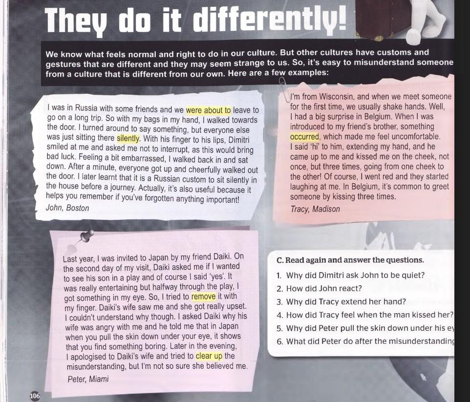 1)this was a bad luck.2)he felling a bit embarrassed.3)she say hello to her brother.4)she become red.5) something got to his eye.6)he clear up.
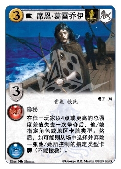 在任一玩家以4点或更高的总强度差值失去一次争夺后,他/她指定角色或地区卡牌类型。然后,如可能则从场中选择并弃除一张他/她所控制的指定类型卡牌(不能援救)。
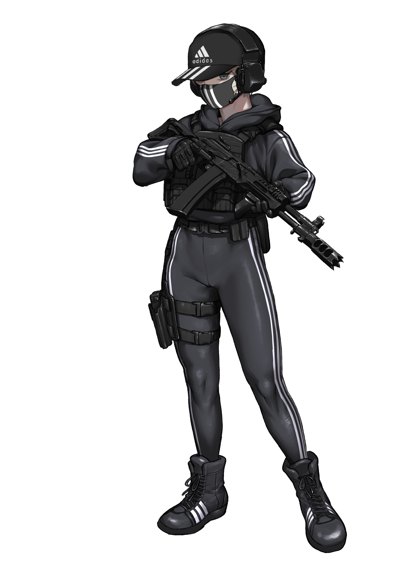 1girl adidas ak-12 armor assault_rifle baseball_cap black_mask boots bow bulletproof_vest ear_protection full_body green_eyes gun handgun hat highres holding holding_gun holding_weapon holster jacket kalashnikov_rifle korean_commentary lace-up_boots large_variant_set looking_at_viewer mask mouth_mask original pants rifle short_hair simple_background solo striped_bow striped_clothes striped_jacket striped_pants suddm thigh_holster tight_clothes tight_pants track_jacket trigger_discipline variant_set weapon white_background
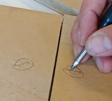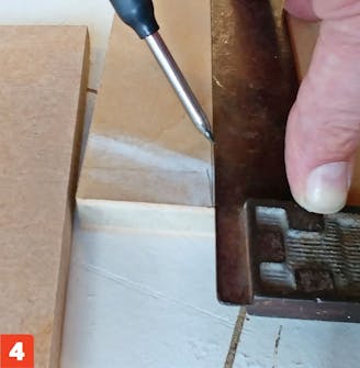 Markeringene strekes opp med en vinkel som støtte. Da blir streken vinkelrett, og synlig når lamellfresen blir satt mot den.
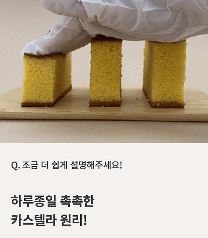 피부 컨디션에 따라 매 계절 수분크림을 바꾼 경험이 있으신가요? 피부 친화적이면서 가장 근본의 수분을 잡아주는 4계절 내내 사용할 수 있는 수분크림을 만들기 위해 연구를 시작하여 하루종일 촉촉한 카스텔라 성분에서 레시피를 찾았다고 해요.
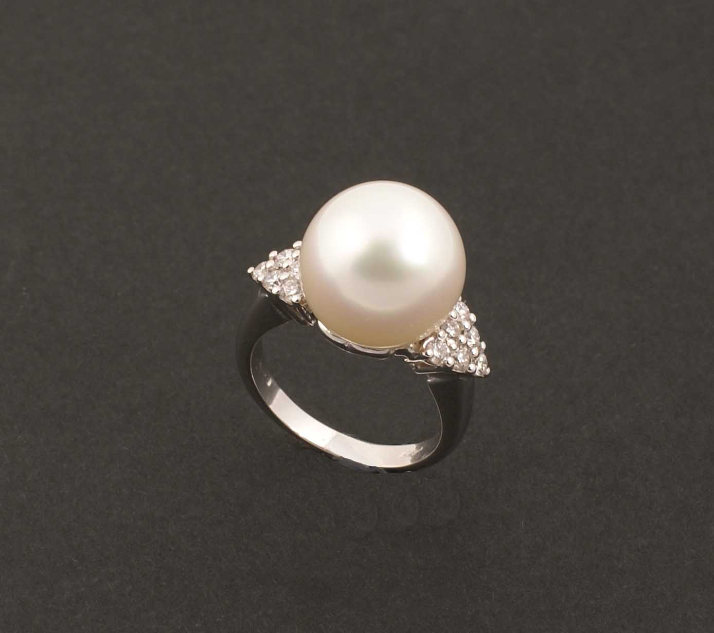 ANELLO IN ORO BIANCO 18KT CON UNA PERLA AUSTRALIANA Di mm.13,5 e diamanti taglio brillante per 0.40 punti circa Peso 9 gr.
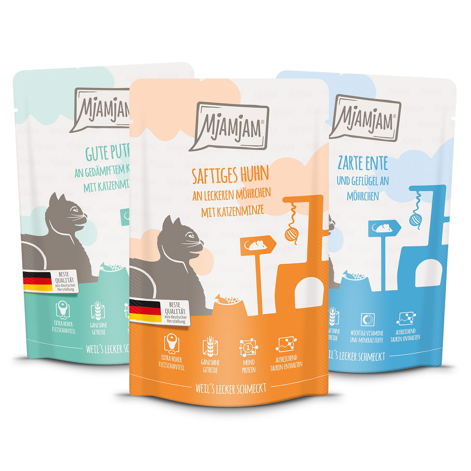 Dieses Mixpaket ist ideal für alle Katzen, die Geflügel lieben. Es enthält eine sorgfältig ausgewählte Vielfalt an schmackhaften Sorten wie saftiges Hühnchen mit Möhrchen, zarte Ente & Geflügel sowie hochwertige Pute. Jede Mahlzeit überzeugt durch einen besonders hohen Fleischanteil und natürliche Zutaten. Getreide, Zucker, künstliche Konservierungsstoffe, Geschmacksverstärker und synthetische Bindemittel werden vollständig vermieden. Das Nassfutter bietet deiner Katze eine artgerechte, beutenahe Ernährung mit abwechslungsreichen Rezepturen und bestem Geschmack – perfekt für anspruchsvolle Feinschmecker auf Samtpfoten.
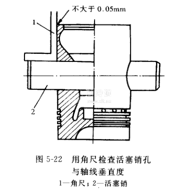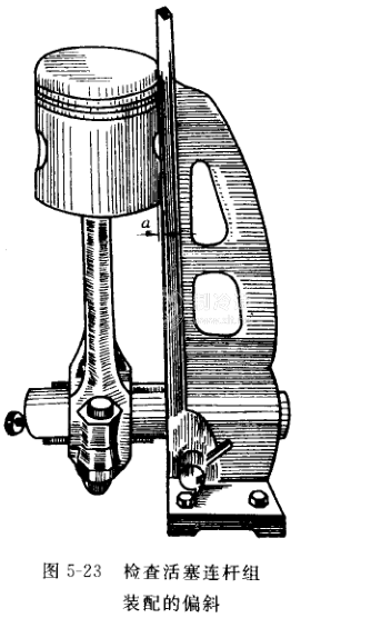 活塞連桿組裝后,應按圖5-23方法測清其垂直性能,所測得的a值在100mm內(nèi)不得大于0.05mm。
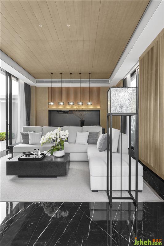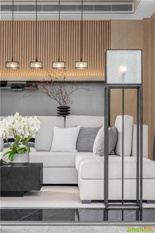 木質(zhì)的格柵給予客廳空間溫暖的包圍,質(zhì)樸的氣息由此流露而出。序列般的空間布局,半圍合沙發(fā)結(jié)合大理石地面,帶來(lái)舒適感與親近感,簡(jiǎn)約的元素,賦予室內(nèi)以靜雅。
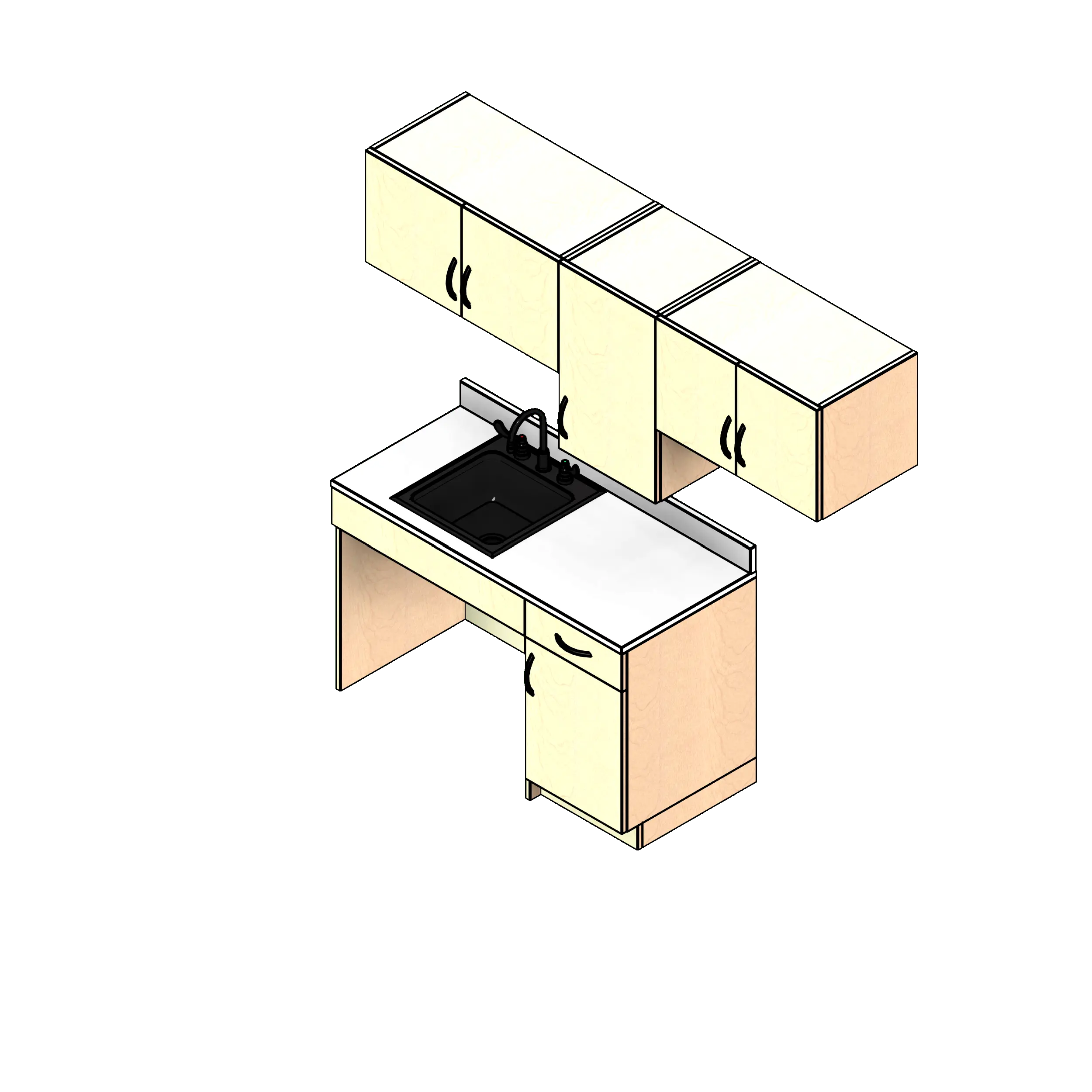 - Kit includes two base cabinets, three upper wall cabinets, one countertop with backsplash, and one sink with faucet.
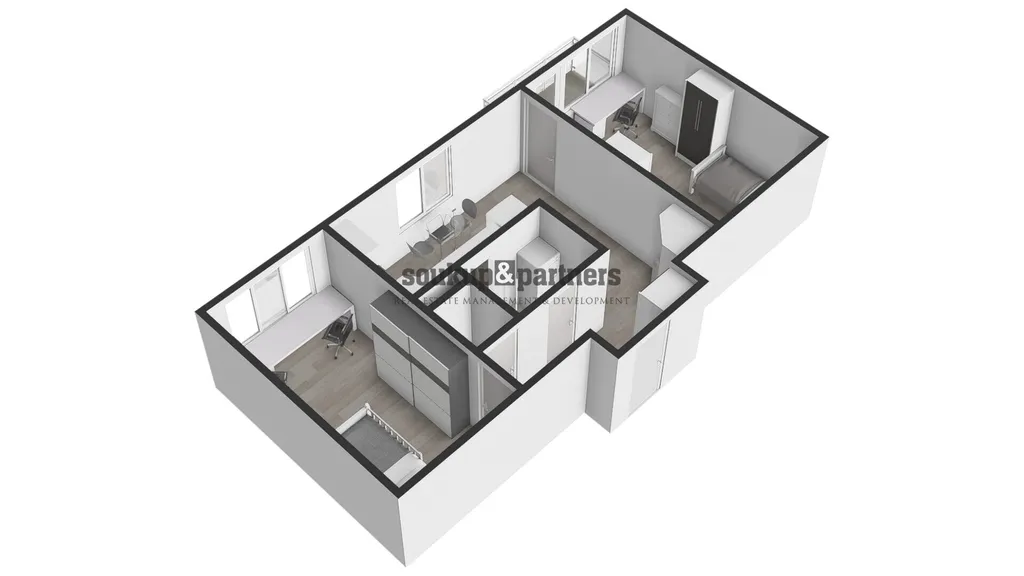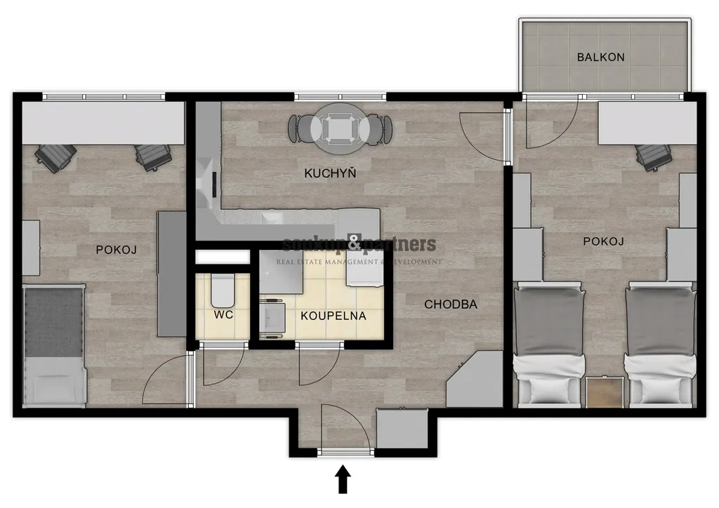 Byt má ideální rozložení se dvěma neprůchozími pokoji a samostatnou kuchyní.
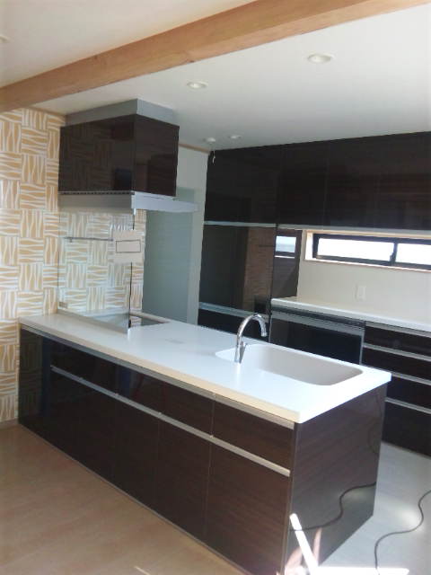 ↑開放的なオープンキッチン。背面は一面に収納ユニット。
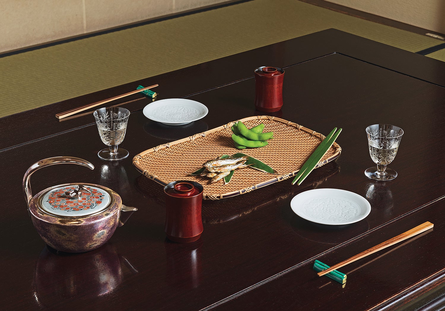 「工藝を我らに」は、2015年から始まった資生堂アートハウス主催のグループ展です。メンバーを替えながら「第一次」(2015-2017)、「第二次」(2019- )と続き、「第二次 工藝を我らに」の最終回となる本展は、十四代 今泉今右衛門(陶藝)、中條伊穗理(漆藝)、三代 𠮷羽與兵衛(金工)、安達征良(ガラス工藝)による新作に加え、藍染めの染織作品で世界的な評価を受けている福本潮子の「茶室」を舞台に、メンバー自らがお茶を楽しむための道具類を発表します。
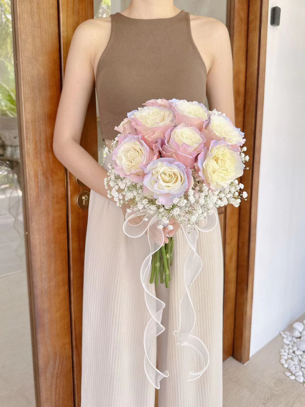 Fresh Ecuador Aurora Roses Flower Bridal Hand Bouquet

- [Task statement]: Restate the lines above from the one containing "Markeringene strekes opp" through the one containing "木質(zhì)的格柵給予客廳", inclusive, exactly and without pictures.

- [Response to the exercise]:
 Markeringene strekes opp med en vinkel som støtte. Da blir streken vinkelrett, og synlig når lamellfresen blir satt mot den.
 피부 컨디션에 따라 매 계절 수분크림을 바꾼 경험이 있으신가요? 피부 친화적이면서 가장 근본의 수분을 잡아주는 4계절 내내 사용할 수 있는 수분크림을 만들기 위해 연구를 시작하여 하루종일 촉촉한 카스텔라 성분에서 레시피를 찾았다고 해요.
 ANELLO IN ORO BIANCO 18KT CON UNA PERLA AUSTRALIANA Di mm.13,5 e diamanti taglio brillante per 0.40 punti circa Peso 9 gr.
 Dieses Mixpaket ist ideal für alle Katzen, die Geflügel lieben. Es enthält eine sorgfältig ausgewählte Vielfalt an schmackhaften Sorten wie saftiges Hühnchen mit Möhrchen, zarte Ente & Geflügel sowie hochwertige Pute. Jede Mahlzeit überzeugt durch einen besonders hohen Fleischanteil und natürliche Zutaten. Getreide, Zucker, künstliche Konservierungsstoffe, Geschmacksverstärker und synthetische Bindemittel werden vollständig vermieden. Das Nassfutter bietet deiner Katze eine artgerechte, beutenahe Ernährung mit abwechslungsreichen Rezepturen und bestem Geschmack – perfekt für anspruchsvolle Feinschmecker auf Samtpfoten.
 活塞連桿組裝后,應按圖5-23方法測清其垂直性能,所測得的a值在100mm內(nèi)不得大于0.05mm。
 木質(zhì)的格柵給予客廳空間溫暖的包圍,質(zhì)樸的氣息由此流露而出。序列般的空間布局,半圍合沙發(fā)結(jié)合大理石地面,帶來(lái)舒適感與親近感,簡(jiǎn)約的元素,賦予室內(nèi)以靜雅。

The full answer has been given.